───── Data extract
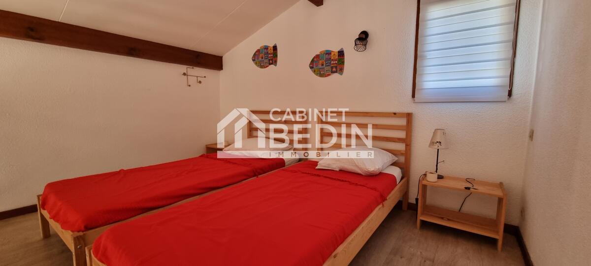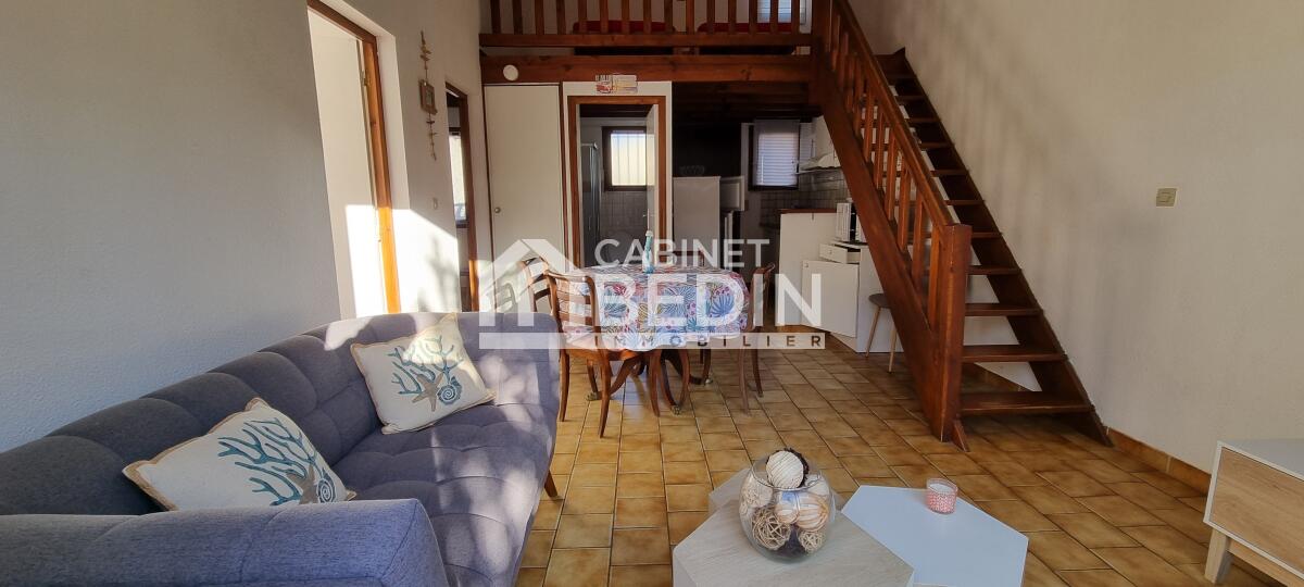 Exclusivité CABINET BEDIN - Maison 2 ch + mezzanine ? Terrasse 40 m². Située dans une petite copropriété de 10 lots, au calme et à proximité immédiate de la plage, cette maison est idéale pour un pied-à-terre ou un investissement locatif. Elle se compose d?un séjour lumineux avec grandes baies vitrées ouvrant sur une terrasse privative d?environ 40 m², d?une cuisine fonctionnelle, de deux chambres de plain-pied, d?une salle d?eau et d?une mezzanine spacieuse permettant d?accueillir plusieurs couchages supplémentaires.
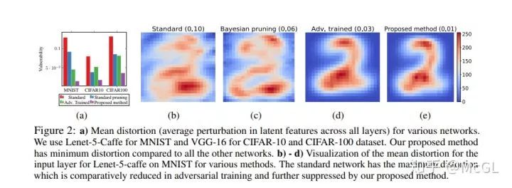 本论文研究了网络潜在特征在对抗性扰动下的畸变(distortion)问题。 该方法通过学习贝叶斯剪枝mask来抑制较高畸变的特征,从而最大化对抗方差的鲁棒性。
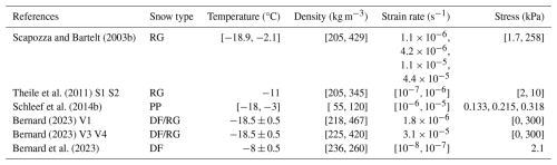 Scapozza and Bartelt (2003b)Theile et al. (2011)Schleef et al. (2014b)Bernard (2023)Bernard (2023)Bernard et al. (2023)Table 2Characteristic of the experimental data of snow creep used.
──────────
→ Task requirements: Verbatim output, no pictures: the line holding "本论文研究了网络潜在特征在对" and all lines after it through the last line of the material, with nothing else.

→ Problem solution:
 本论文研究了网络潜在特征在对抗性扰动下的畸变(distortion)问题。 该方法通过学习贝叶斯剪枝mask来抑制较高畸变的特征,从而最大化对抗方差的鲁棒性。
 Scapozza and Bartelt (2003b)Theile et al. (2011)Schleef et al. (2014b)Bernard (2023)Bernard (2023)Bernard et al. (2023)Table 2Characteristic of the experimental data of snow creep used.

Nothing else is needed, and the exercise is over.